OutOfOrderSequenceException 로그에서 나온 epoch 는 partition leader epoch 가 아닌 producer 관련 epoch 값이다. org.apache.kafka.common.record.RecordBatch 에 정의된 producerEpoch 값을 사용한다.(partition leader 에 대한 epoch 값은 partitionLeaderEpoch 로 따로 정의되어있다.)
메세지 publish 시에 producer 에 대한 상태 체크를 진행하게된다.
kafka.log.producerStateManager 에서 요청시 들어온 producerId 를 가지고 broker 내부에 저장된 producer 상태 정보를 가지고 온다.
조회한 상태 정보를 바탕으로 kafka.log.ProducerAppendInfo 를 생성해 maybeValidateAppend 함수에서 producerId, producerEpoch, appendFirstSeq 값을 확인하게 되는데 그 때 에러가 발생한다.
maybeValidateAppend 함수

private def maybeValidateAppend(producerEpoch: Short, firstSeq: Int) = {
    validationType match {
      case ValidationType.None =>

      case ValidationType.EpochOnly =>
        checkProducerEpoch(producerEpoch)

      case ValidationType.Full =>
        checkProducerEpoch(producerEpoch)
        checkSequence(producerEpoch, firstSeq)
    }
  }

실제 에러를 발생하는 checkSequence 함수

private def checkSequence(producerEpoch: Short, appendFirstSeq: Int): Unit = {
    if (producerEpoch != updatedEntry.producerEpoch) {
      if (appendFirstSeq != 0) {
        if (updatedEntry.producerEpoch != RecordBatch.NO_PRODUCER_EPOCH) {
          throw new OutOfOrderSequenceException(s"Invalid sequence number for new epoch: $producerEpoch " +
            s"(request epoch), $appendFirstSeq (seq. number)")
        } else {
          throw new UnknownProducerIdException(s"Found no record of producerId=$producerId on the broker.

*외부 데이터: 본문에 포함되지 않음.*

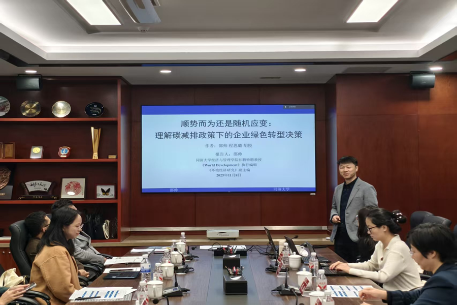 研讨会第一单元由yl7703永利官网刘铠豪副教授主持,同济大学经济与管理学院邵帅教授做主旨报告,深入探讨了碳减排政策下企业绿色转型的决策逻辑。他指出,当前部分企业通过绿色创新或并购主动转型,但仍有大量企业因碳价偏低、制度约束宽松及存在监管套利空间而选择“躺平”或转移排放。研究揭示了政策设计对企业行为的关键影响,为优化碳市场机制、推动全面绿色转型提供了重要启示。

It is possible " +
            s"that the last message with the producerId=$producerId has been removed due to hitting the retention limit.")
        }
      }
    } else {
      val currentLastSeq = if (!updatedEntry.isEmpty)
        updatedEntry.lastSeq
      else if (producerEpoch == currentEntry.producerEpoch)
        currentEntry.lastSeq
      else
        RecordBatch.NO_SEQUENCE

      if (currentLastSeq == RecordBatch.NO_SEQUENCE && appendFirstSeq != 0) {
        // We have a matching epoch, but we do not know the next sequence number. This case can happen if
        // only a transaction marker is left in the log for this producer. We treat this as an unknown
        // producer id error, so that the producer can check the log start offset for truncation and reset
        // the sequence number. Note that this check follows the fencing check, so the marker still fences
        // old producers even if it cannot determine our next expected sequence number.
        throw new UnknownProducerIdException(s"Local producer state matches expected epoch $producerEpoch " +
          s"for producerId=$producerId, but next expected sequence number is not known.")
      } else if (!inSequence(currentLastSeq, appendFirstSeq)) {
        throw new OutOfOrderSequenceException(s"Out of order sequence number for producerId $producerId: $appendFirstSeq " +
          s"(incoming seq. number), $currentLastSeq (current end sequence number)")
      }
    }
  }

참고

위 분석 내용 및 코드에서 나오는 producerEpoch 와 firstSequence 에 대한 설명은 아래와 같다.

변수설명

ProducerEpoch	Introduced in 0.11.0.0 for KIP-98, this is the broker assigned producerEpoch received by the 'InitProducerId' request. Clients which want to support idempotent message delivery and transactions must set this field.
FirstSequence	Introduced in 0.11.0.0 for KIP-98, this is the producer assigned sequence number which is used by the broker to deduplicate messages. Clients which want to support idempotent message delivery and transactions must set this field. The sequence number for each Record in the RecordBatch is its OffsetDelta + FirstSequence.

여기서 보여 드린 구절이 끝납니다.